Founding Chairman and Editor-in-Chief of THISDAY Media Group and ARISE News Channel, Nduka Obaigbena, has announced the latest milestone of the conglomerate, Lekeelekee, a social media platform.
Obaigbena made the announcement in Abuja on Wednesday, at the 21st All Nigeria Editors Conference themed “Democratic Governance and National Cohesion: The Role of Editors.”
He urged editors to defend democracy, adapt to artificial intelligence and reclaim Africa’s voice in global media distribution.
Speaking to an audience of over 500 editors, policymakers and diplomats at the State House Conference Hall, Obaigbena announced that Lekeelekee will take off in January 2026.
The venture, he said, aims to “dilute the chokehold of the United States and China” over the global flow of information and entertainment content.
“We must engage for the greater good of Nigeria,” Obaigbena told the gathering, recalling the dark memories of journalist, Ken Saro-Wiwa’s execution 30 years ago under military rule. Thirty years after, we sit in this same complex under a democratic government, that is why democracy matters,” he said.
In a wide-ranging speech that blended history, economics and media foresight, Obaigbena drew a line from Nigeria’s past authoritarianism to its present democratic gains. He cited three media figures who shaped Nigerian politics namely, Nnamdi Azikiwe, Obafemi Awolowo and Bola Tinubu, as examples of how journalism and leadership are intertwined.
Hosting the conference, President Tinubu, himself a former media proprietor, was praised by Obaigbena for engaging directly with the press.
“We are at the crossroads of reforms that have been hard fought,” he said. “We must protect our economic stability with everything we have, because if we lose it, we lose the sacrifices of the last two years,” he said.
Obaigbena warned that any external sanctions or disruptions could “destabilise the economy” and reverse recent fiscal progress. Instead, he urged editors and national leaders to “build a coalition of the willing,” to combat insecurity, poverty, and misinformation through dialogue and shared national purpose.
Turning to technology, Obaigbena said the rise of artificial intelligence was transforming how journalism is produced and consumed. He warned that Africa risks becoming “a passive spectator” in a world where “one or two countries control global content distribution.”
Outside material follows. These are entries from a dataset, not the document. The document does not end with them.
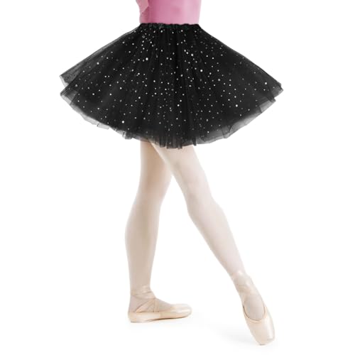 AYBUY Tutu för kvinnor, klassisk kjol, elastisk tyllkjol i 3 lager, balettkjol, underkjol, kjol för karneval, temafest, balett, dans, fin klänning, halloweenkostym, Svart paljetter stjärnor, Regulär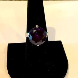 Beautiful silver costume ring with large purple stone that is iridescent in the light with beautiful bridge work that looks like a crown. Size 7.5. This is just an adorable ring.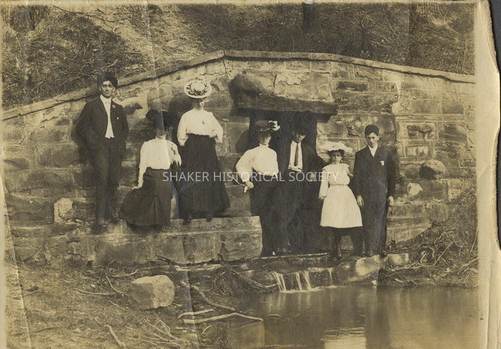Black-and-white photograph depicting three men and four women standing in front of the dam at Upper Lake (Horseshoe Lake), taken about 1906 by Ezra Hecker. From left to right: Arthur Kehres, Elizabeth Hecker, Gertrude Schwartz, John A. and Alma Hecker (in doorway), Helen Mack, and Rowland [Roland] Kehres.Photograph Details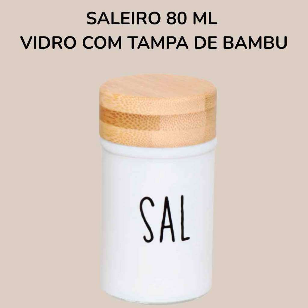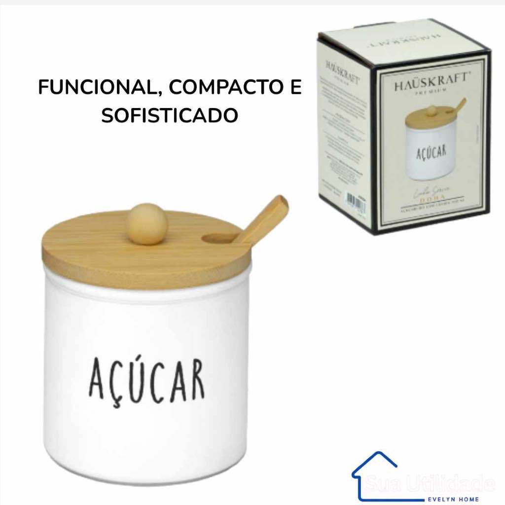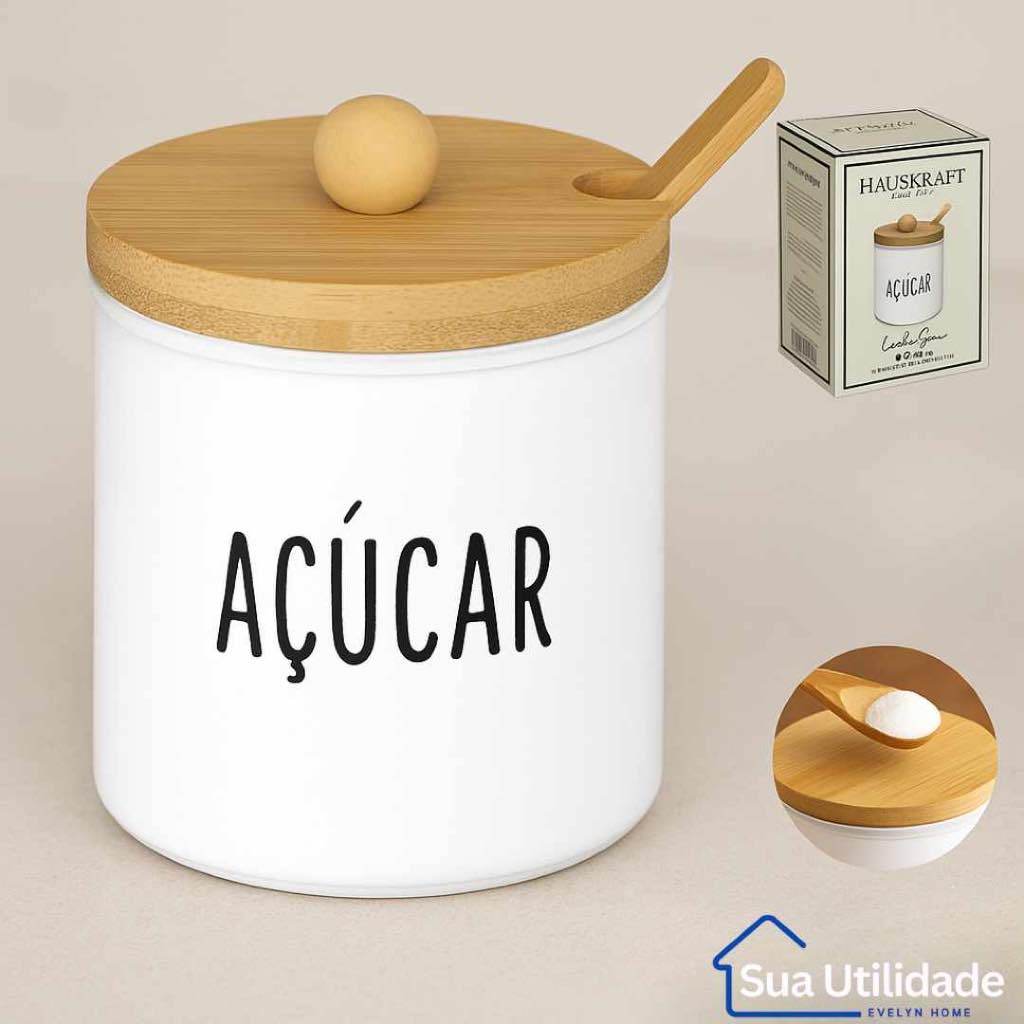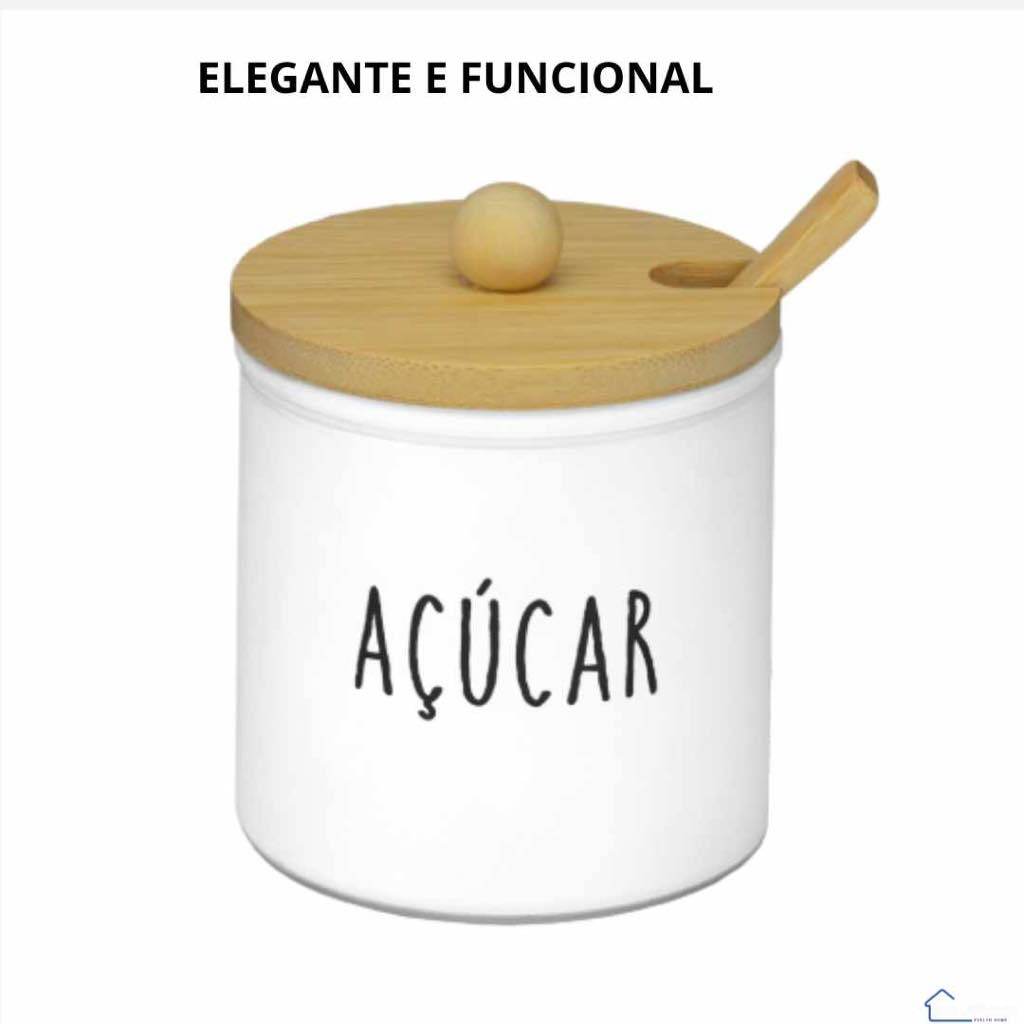 Pote de Açúcar Branco em Vidro 300 ml Tampa de Bambu Colher Açucareiro Organize sua Cozinha para Café Chás Panificação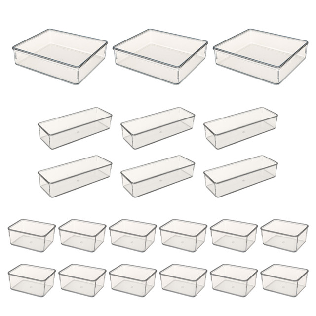 Kit 21 Organizador Modular Multiuso Acrílico Cristal Cesto Gaveta Maquiagem Geladeira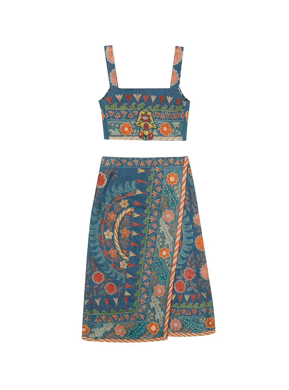 Топ и юбка с вышивкой из первой линии бренда. На создание этого изделия у потомственных мастеров Узбекистана уходит около двух месяцев. Станет эффектным выходом на мероприятие или на каждый день.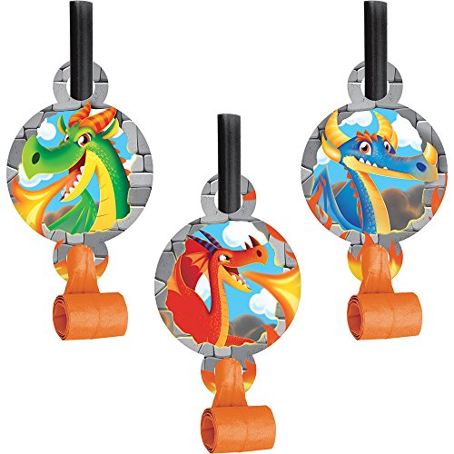 -. Feature : 8-Count blowout party favors / 5.25 x 2.55-Inches / Blowouts embellished with an assortment of Dragon medallions / Look for Dragon tableware, party decorations and coordinating solids fresh lime and Sunkissed orange / Create a medieval fairytale setting for young Knights and P.R.Incesses, great for a birthday party, dragon-themed dress up or classroom party
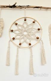 Bellissimo acchiappasogni in stile boho chic, perfetto per aggiungere un tocco di originalità alla tua casa. Realizzato a mano, in cotone naturale, con tecnica macramè. Misura circa cm 72 x 62. Decorazione murale unica nel suo genere.
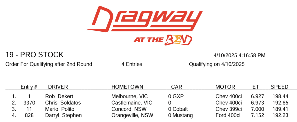 The PDRC Grand Final ran alongside a Top Fuel exhibition that delivered jaw-dropping performances, including Damien Harris setting a new Australian Top Fuel speed record at 333.51 mph (536.84 kph). Adding to the spectacle, John Ricca smashed his own Outlaw Pro Mod record with a 5.406-second run at 270.94 mph (436.03 kph) — the quickest and fastest by any blown sedan in Australia.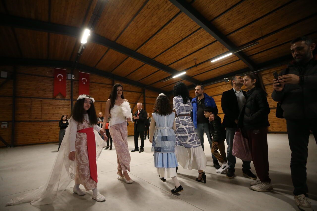 Hamidiye Tabyaları'ndaki hangarda düzenlenen defilede mankenler, çocuklarla Umay Ana figürlerinin de yer aldığı eserleri sergiledi.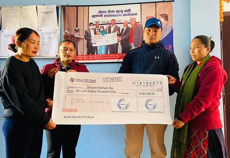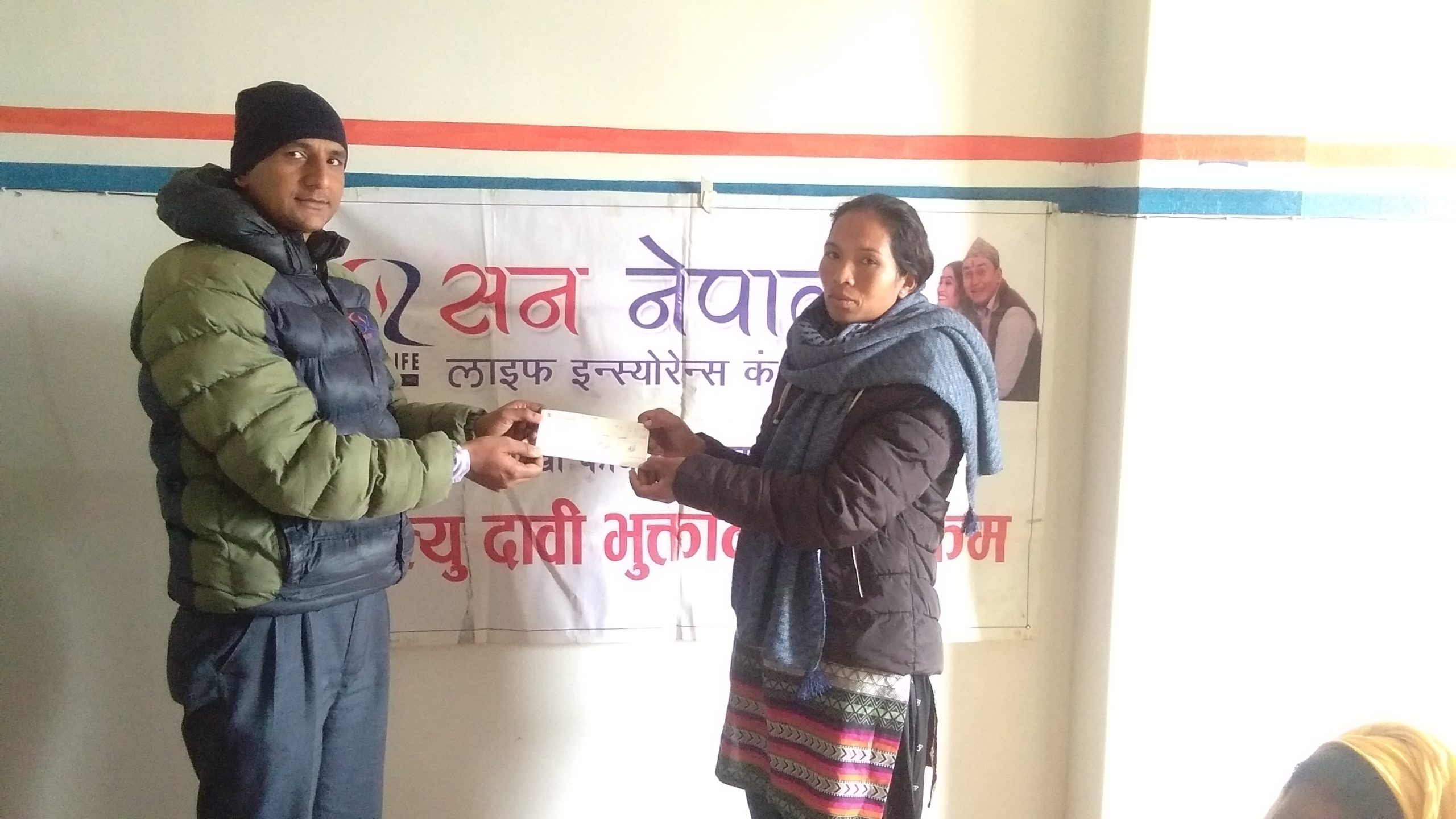 सन नेपाल लाइफ इन्स्योरेन्सद्वारा १४ लाख रुपैयाँको बीमा दावी भुक्तानी

“We are entering an AI-dominated information age. Google’s algorithms are changing, search models are shifting and the monetisation of content is being rewritten. If we do not act, we will again be consumers, not creators, in the new media economy,” he stated.
He said Lekeelekee would serve as a homegrown African alternative, a multimedia hub that allows creators, editors and broadcasters to distribute and monetise their work independently of Western or Chinese digital giants.
“We have a responsibility to build our own technology and algorithmsto determine how our content is earned and shared,” he added.